The next thing to do would be to put it into a neat function, which you can see below:

def primes_finder(n):
    
    # number range to be checked
    number_range = set(range(2, n+1))

    # empty list to append discovered primes to
    primes_list = []

    # iterate until list is empty
    while number_range:
        prime = number_range.pop()
        primes_list.append(prime)
        multiples = set(range(prime*2, n+1, prime))
        number_range.difference_update(multiples)
        
    prime_count = len(primes_list)
    largest_prime = max(primes_list)
    print(f"There are {prime_count} prime numbers between 1 and {n}, the largest of which is {largest_prime}")

Now we can just pass the function the upper bound of our search and it will do the rest.

Let’s go for something large, say a million…

primes_finder(1000000)
>>> There are 78498 prime numbers between 1 and 1000000, the largest of which is 999983

That’s a wrap on this project!
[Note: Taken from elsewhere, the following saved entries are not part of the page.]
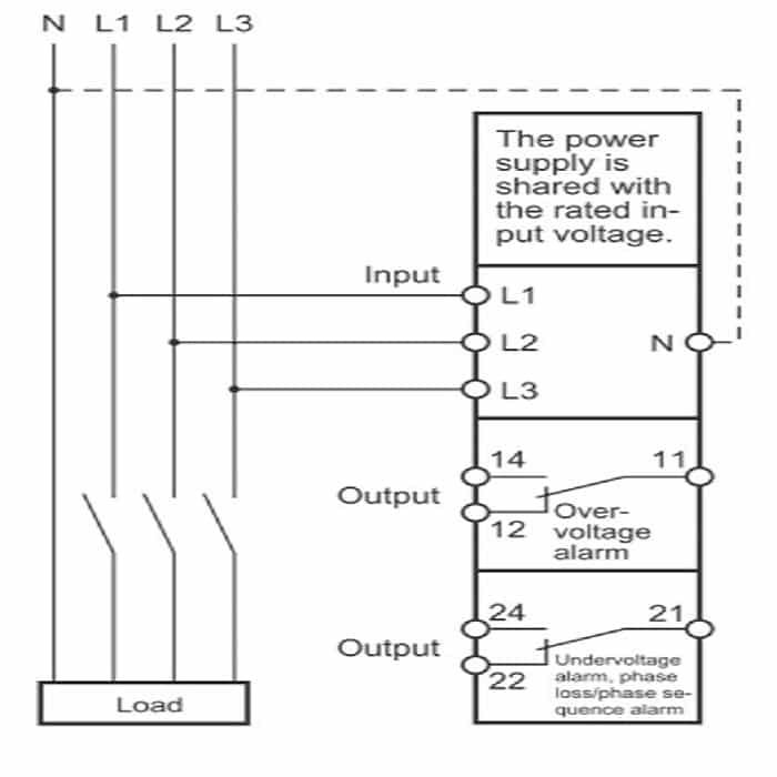 Последние две схемы демонстрируют работу вторичных цепей отключения нагрузки с соответствующей временной задержкой по этим клеммам. Как видите, все схемы подключения имеют идентичные компоненты, предназначенные для отслеживания всех параметров сети, способных сигнализировать сбой в электроснабжении трехфазных потребителей.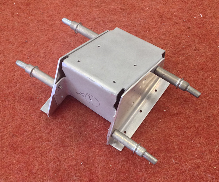 One of Tom’s men completed the aileron trim gear box mounted on the left aft spar. It’s a very complex little structure with all kinds of bends and angles designed in it.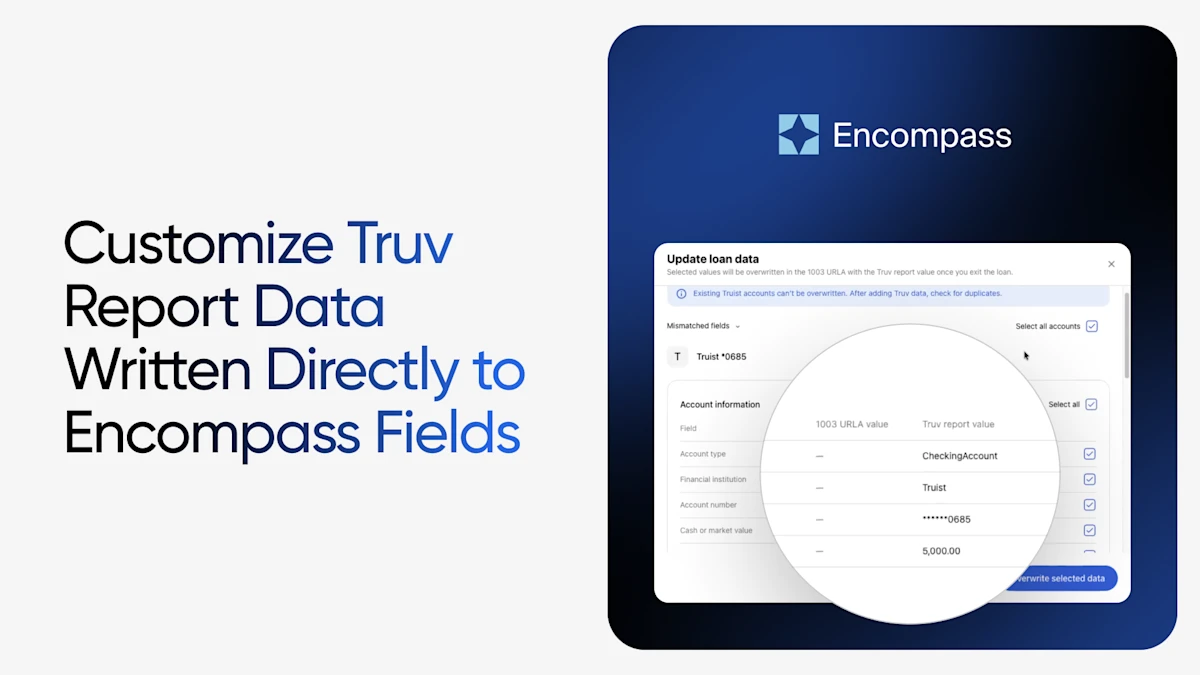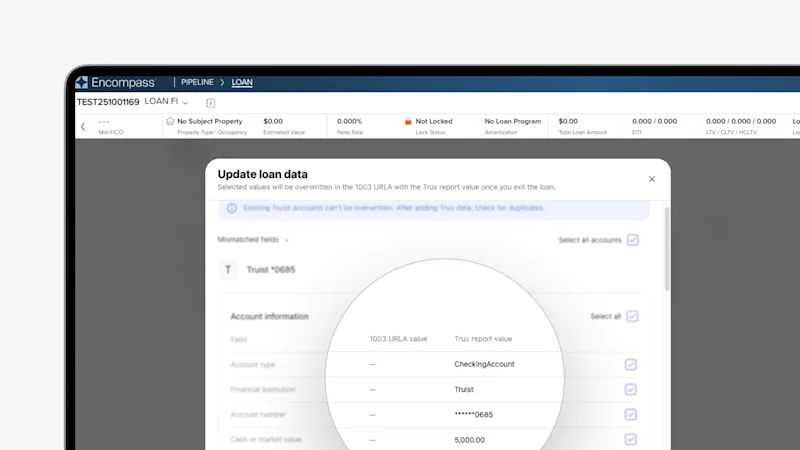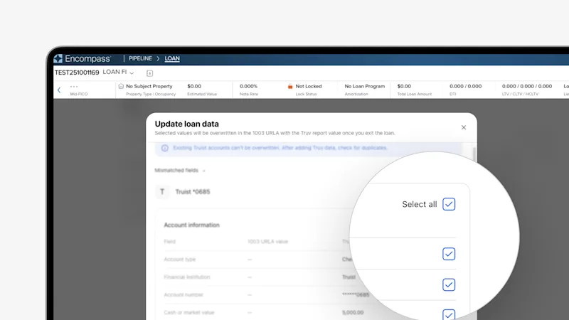 Managing loan files just got easier. Truv’s new data patching feature gives loan officers complete control over how verification data flows into Encompass, eliminating manual data entry and reducing errors in the loan origination process.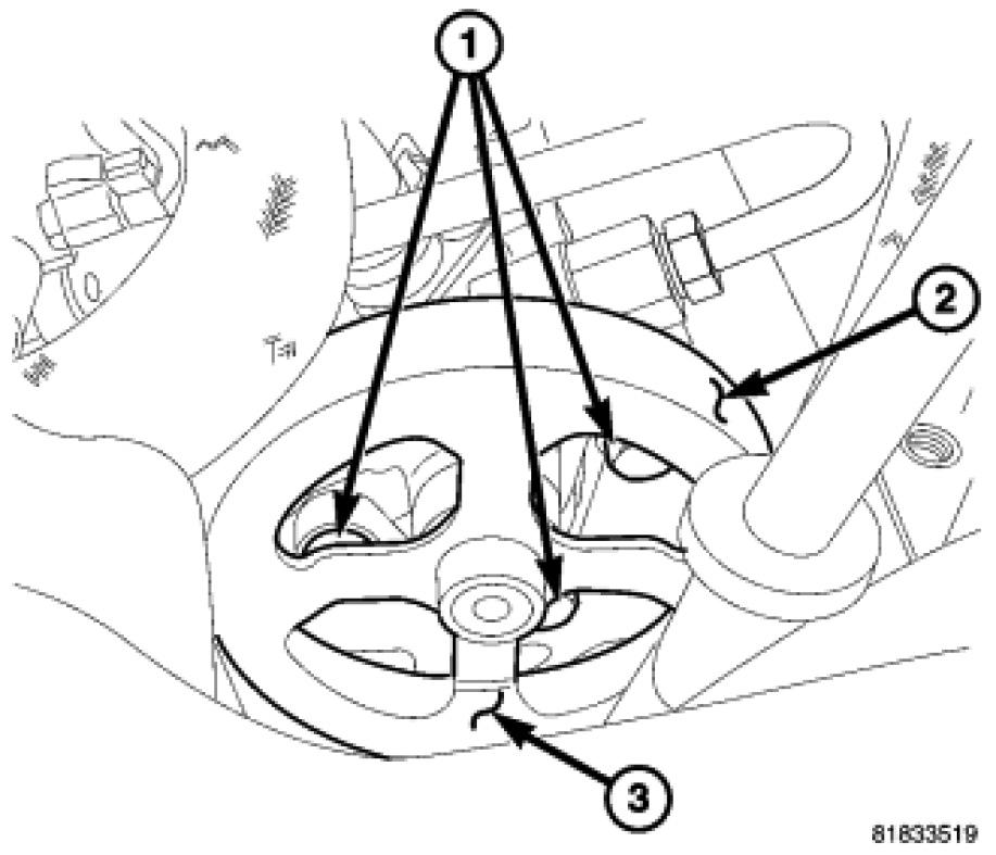 2. Place the pump in mounting position. Install the three bolts (1) through the pulley (3) openings. Tighten the mounting bolts (1) to 26 Nm (19 ft. lbs.).

I didn’t know there were that many prime numbers between 1 and 1,000,000. Did you?

I hope you enjoyed learning about prime numbers and one way to search for them using Python.

Important Note: Using pop() on a Set in Python

In the real world - we would need to make a consideration around the pop() method when used on a Set as in some cases it can be a bit inconsistent.

The pop() method will usually extract the lowest element of a Set. Sets however are, by definition, unordered. The items are stored internally with some order, but this internal order is determined by the hash code of the key (which is what allows retrieval to be so fast).

This hashing method means that we can’t 100% rely on it successfully getting the lowest value. In very rare cases, the hash provides a value that is not the lowest.

Even though here, I just coded up something fun - it is most definitely a useful thing to note when using Sets and pop() in Python in the future!

The simplest solution to force the minimum value to be used is to replace the line…

prime = number_range.pop()

…with the lines…

prime = min(sorted(number_range))
number_range.remove(prime)

…where we initially force the identification of the lowest number in the number_range into our prime variable, and following that we remove it.

However, because we have to sort the list for each iteration of the loop in order to get the minimum value, it’s slightly slower than what we saw with pop()!